The Top Gear presenter is now a potent symbol in the battle against overweening interference in how we live and think.
The BBC announced yesterday that it has suspended Top Gear presenter Jeremy Clarkson over a ‘fracas’ with a producer. Rumours emerged that Clarkson had thrown a punch over an argument over catering, or the lack of it, last week, but the BBC only acted yesterday. The facts of the incident will no doubt emerge in due course. What is clear is that a bog-standard workplace disagreement has been inflated into another battle in the culture wars.
Last night, an online petition was started calling for the BBC to reinstate Clarkson. At the time of publishing this comment, around 10am, the petition had already attracted 250,000 signatories. Why would the future employment status of an obstreperous presenter on a mildly amusing TV car show attract so much attention?
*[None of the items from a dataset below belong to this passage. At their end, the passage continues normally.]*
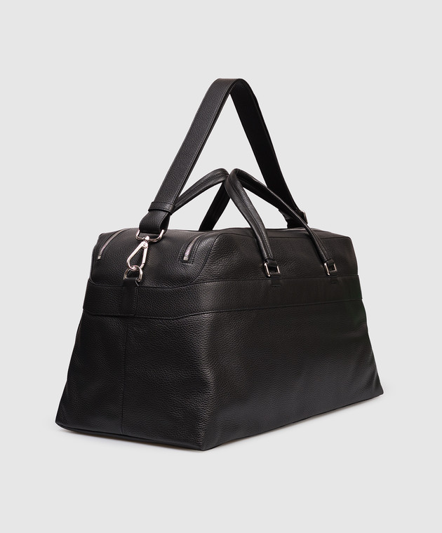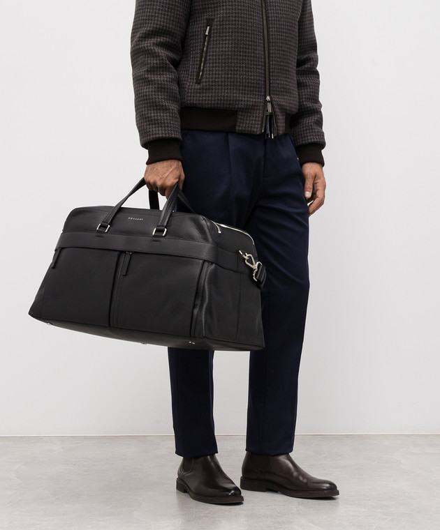 Черная кожаная дорожная сумка с логотипом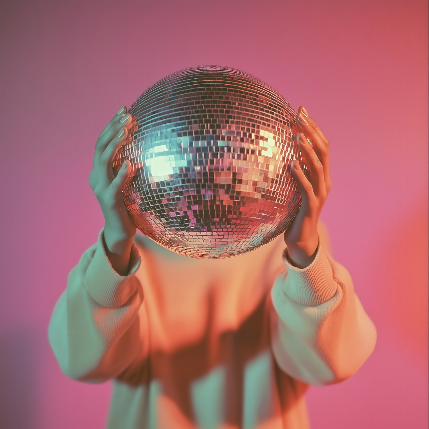 A person holds a reflective disco ball in front of their face against a pink-orange gradient background, creating a retro, artistic vibe.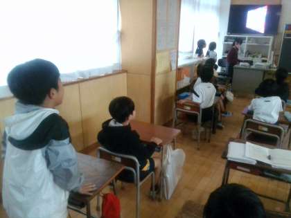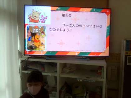 2学期一生懸命勉強を頑張った子供たちが楽しみにしているお楽しみ会の様子です。今日は図書係がクイズを出してくれました。スライドもみんなが見やすい配色を使用しいて工夫が見られました。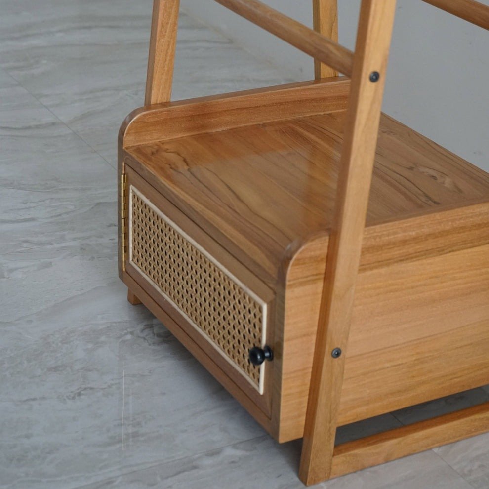 Rak Tempat Mukena dan Sajadah dengan Pintu Rotan dari Naenamu Furniture adalah pilihan yang sempurna untuk menyimpan mukena dan sajadah dengan elegan. Tambahkan kehangatan alami dan kepraktisan dalam penyimpanan Anda dengan rak yang menawan ini.
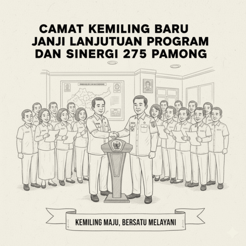 Pramoedya.id: Kantor Kecamatan Kemiling di Bandar Lampung menjadi saksi acara pisah sambut Camat dari Andi Darma Putra kepada Andi Syaputra Kesuma pada Senin (20/10/2025). Transisi kepemimpinan ini dihadiri sembilan lurah, Ketua RT, dan Kepala Lingkungan (Kaling) dalam suasana penuh kekeluargaan.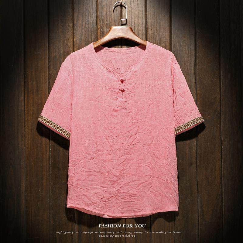宽松盘扣短袖棉麻亚麻大码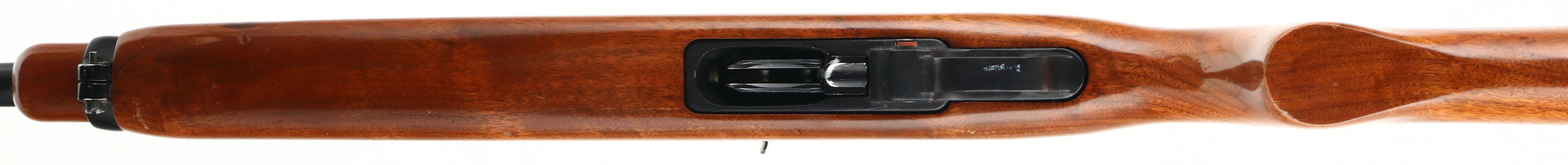Ruger, Ruger Carbine .44 Magnum, CAL: .44 MAG, MFG: 1975-85, SN: 102-83848, Semi Auto Rifle, 18 3/4'' barrel. The original flat pistol grip stock is excellent, which minor contusions, scrapes & dings to the original finish. The is a tight 5'' grain crack in front of the mag loading port on the bottom of the forend. The metal blue finish on the barrel & receiver rates 97% overall. Bore is excellent. The chamber end of the barrel is tapped & drilled, with (2) filled screw holes & the front screw head is broken off. The receiver is tapped & drilled, with the two rear holes holding an adjustable Williams peep sight. The barrel holds a folding leaf rear sight & blade front sight. Factory rear sling stud & additional barrel band sling stud. Stock carries factory metal buttplate. Concealed within the stock is a tubular magazine that holds four rounds that are loaded shotgun style. FFL Req. - Value: 500 to 1000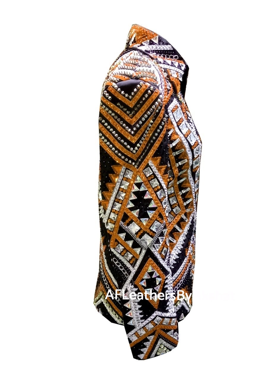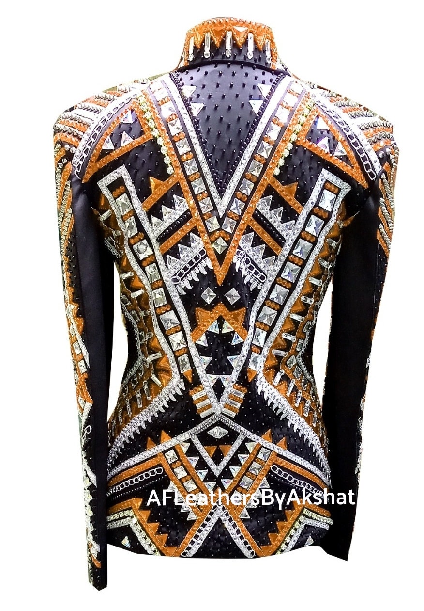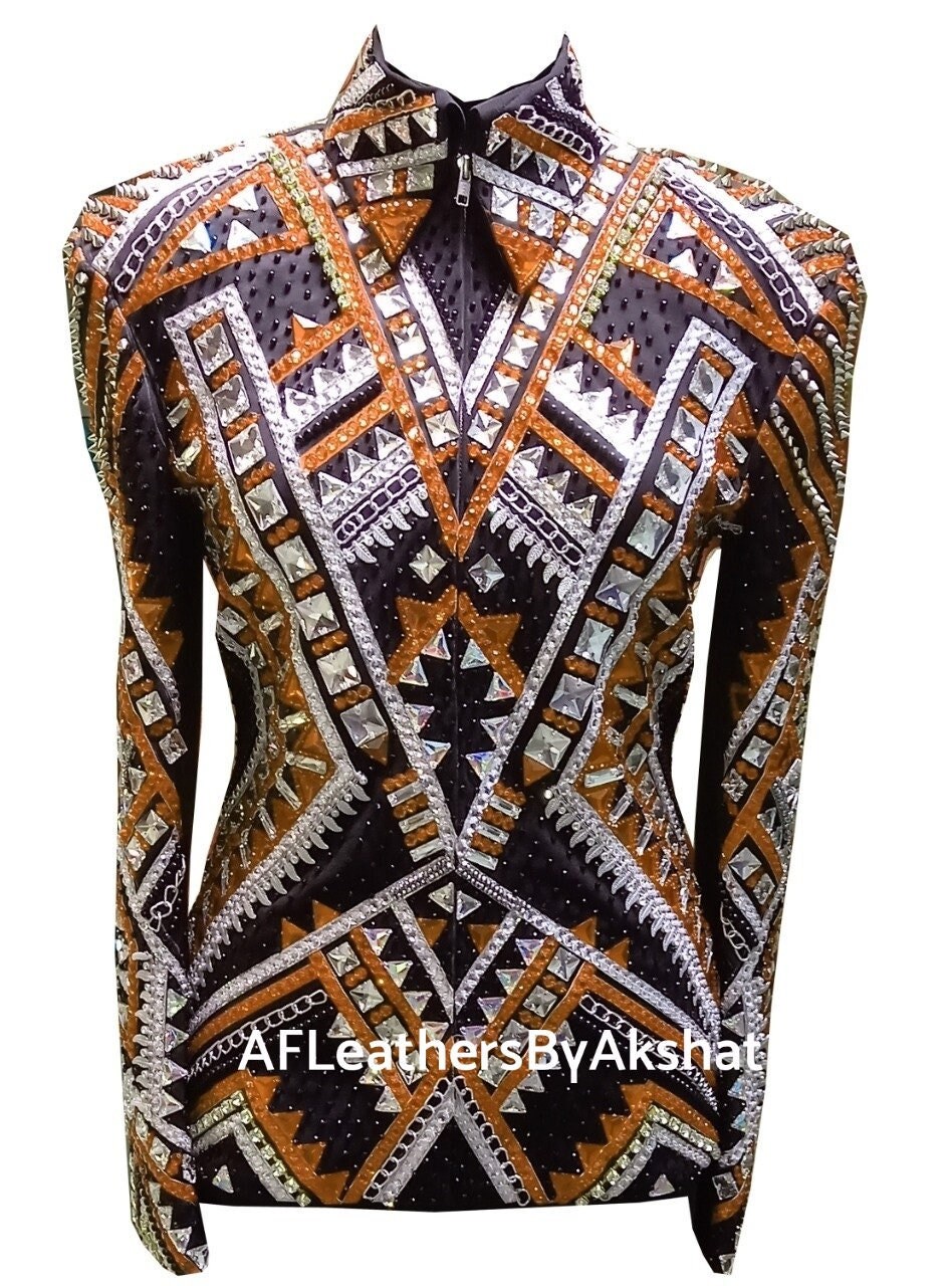 Now Ride with more colors:- Silver/ Orange with Black base Showmanship, Horsemanship, Western pleasure Rodeo Queen Jackets For Sale.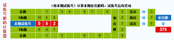本期试机号胆码计算器推荐胆码:375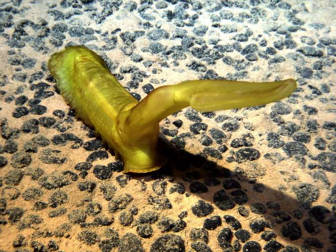 Psychropotes semperiana auf Manganknollen.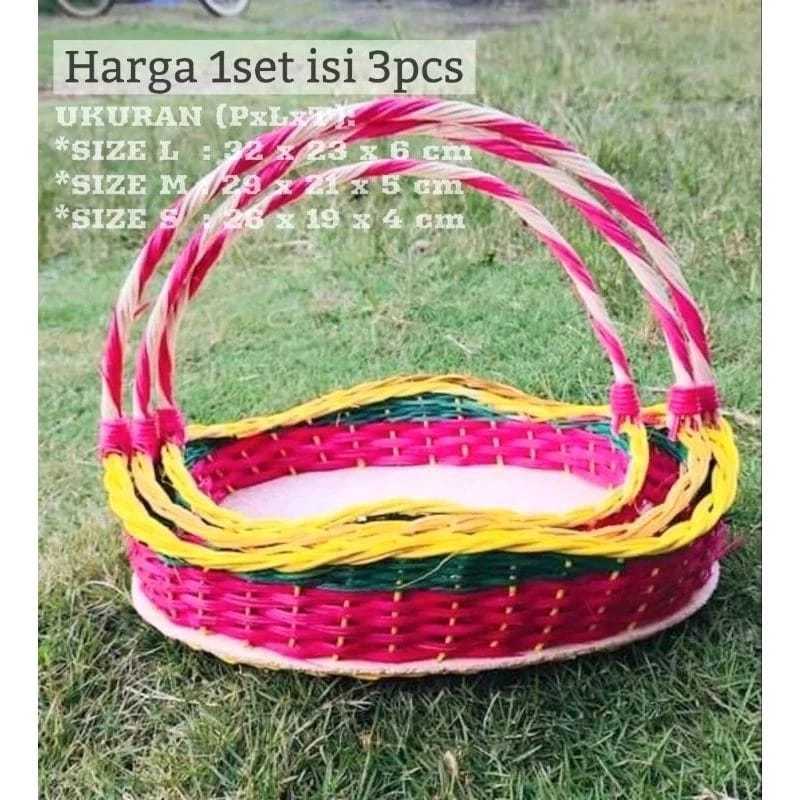 DAPET 3PCS PROMO HARGA Keranjang Parcel Rotan Anyaman Ombak Natural Warna Hampers Sovenir Lebaran Murah Baki Seserah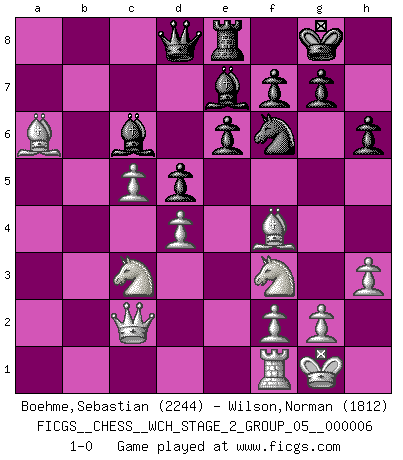 Last move : 1-0 2009 December 14 8:20:17 [Event "FICGS__CHESS__WCH_STAGE_2_GROUP_05__000006"] [Site "FICGS"] [Date "2009.11.03"] [Round "1"] [White "Boehme,Sebastian"] [Black "Wilson,Norman"] [Result "1-0"] [WhiteElo "2244"] [BlackElo "1812"] 1.e4 Nc6 2.d4 e6 3.Nf3 Nf6 4.e5 Nd5 5.c4 Nb6 6.Nc3 d6 7.exd6 cxd6 8.Be2 Be7 9.O-O O-O 10.Be3 d5 11.c5 Nd7 12.a3 h6 13.b4 a6 14.Qc2 Nf6 15.h3 b6 16.Bf4 b5 17.a4 bxa4 18.Rxa4 Re8 19.b5 Bb7 20.bxc6 Bxc6 21.Rxa6 Rxa6 22.Bxa6 1-0 KP : Nimzovich defense Kingside Castling by player White (move 9) Kingside Castling by player Black (move 9) Player White won this chess game. Follow this game move after move (download)Daring ideas are like Chess men moved forward. They may be beaten, but they may start a winning game. (Johann Wolfgang von Goethe) Schach ist Krieg, im Schach geht es um testosterongesteuerte Urschreie. (Garry Kasparov) En el Ajedrez, cuando menos, el valiente hereda la tierra. (Edmar Mednis) Les Echecs ne sont pas pour les âmes timides. Ils requièrent un homme entier, qui ne s'arrête pas aveuglément à ce qui a été déjà établi, mais qui tente individuellement de sonder les profondeurs du jeu. (W. Steinitz) Shallow men believe in luck. Strong men belive in cause and effect. (Ralph Waldo Emerson)
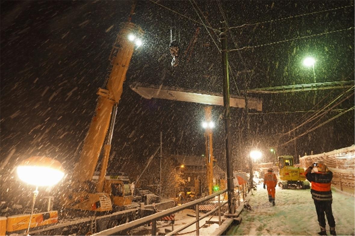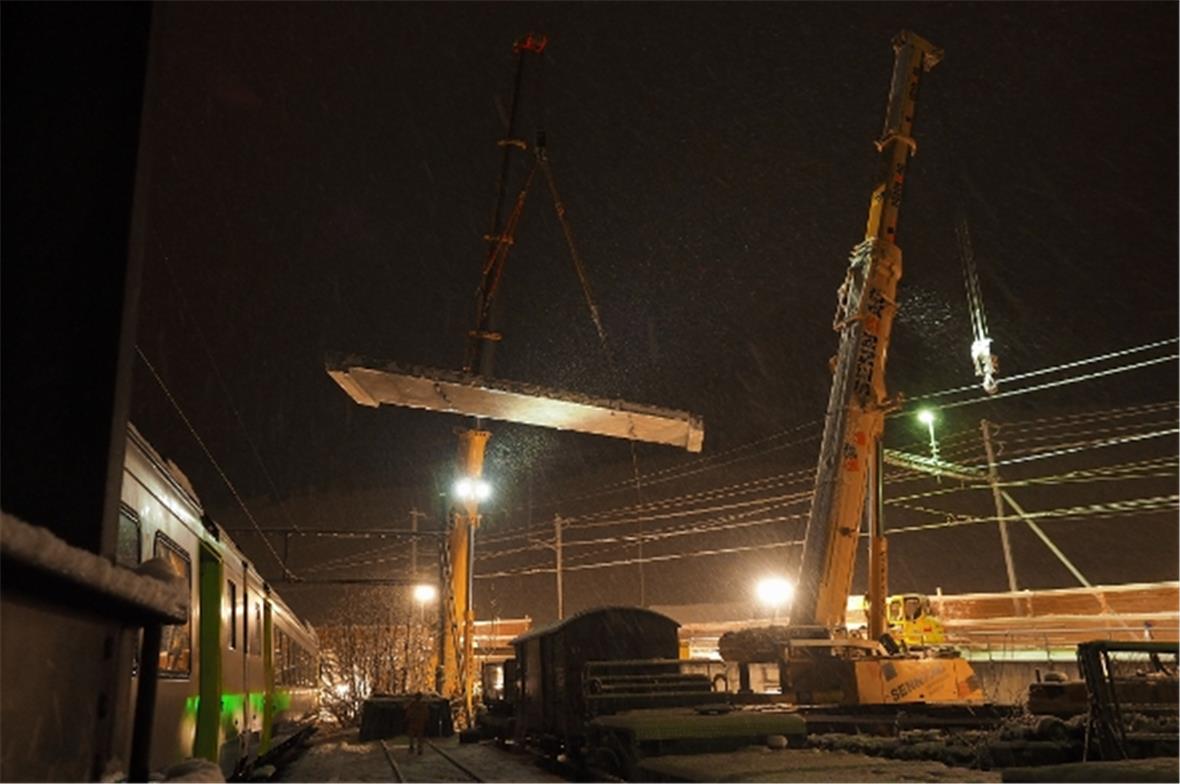 Zusätzlich zu den laufenden Arbeiten an den beiden Brücken beginnen Anfang März 2016 die Bauarbeiten im Bahnhofareal. Zuvor werden die Fahrleitungen und die Gleise im Bereich der Gleise 6 und 7 während mehreren Nächten demontiert.

Well, Top Gear is very popular. It is BBC2’s most popular show, regularly attracting five million viewers (about two million more than the next most popular show on the channel), it is endlessly repeated on digital channel Dave, and Guinness announced in 2013 that Top Gear is the most watched factual programme on the planet. The first episode of the current series was simultaneously broadcast in 50 countries.
Yet there would be nothing like this public reaction if Clarkson’s co-presenters, Richard Hammond and James May, had decided to punch someone. Clarkson has become a lightning rod for those who believe that a narrow political class and mainstream media are working incessantly to reduce our freedom to choose how we live. The fact that he’s constantly in trouble for saying mildly un-PC things, usually very obviously in jest, has enhanced that reputation. For all the people who want to smoke, drink, drive a bit too fast, say what they think without minding their language and are exasperated by the authoritarianism of many environmentalists, Clarkson is one of the few stars who kicks against the offence-phobic Beeb.
The fact that Clarkson’s views are relatively mild-mannered – by Fox News standards, he’s a bedwetting liberal – and often expressed in a childish manner simply confirms him as the standard bearer for the frustrated ‘down with this sort of thing’ bloke. He’s Nigel Farage in a Mercedes. And his haters despise him for much the same reasons they despise Farage – as the symbol of the fact that the smouldering embers of old-fashioned, masculine, conservative beliefs haven’t yet been stamped out.
There’s little need to shed a tear for Clarkson; he’ll carry on making a mint whatever happens to Top Gear. Yet, as was touched upon at last year’s Battle satellite ‘You Can’t Say That!’, he’s become an unlikely hero for free speech in a stiflingly conformist age. If those managers within Britain’s main public broadcaster do finally get the chance to ditch Clarkson it will be a horrible indication that the arena of acceptable public discourse has got even narrower.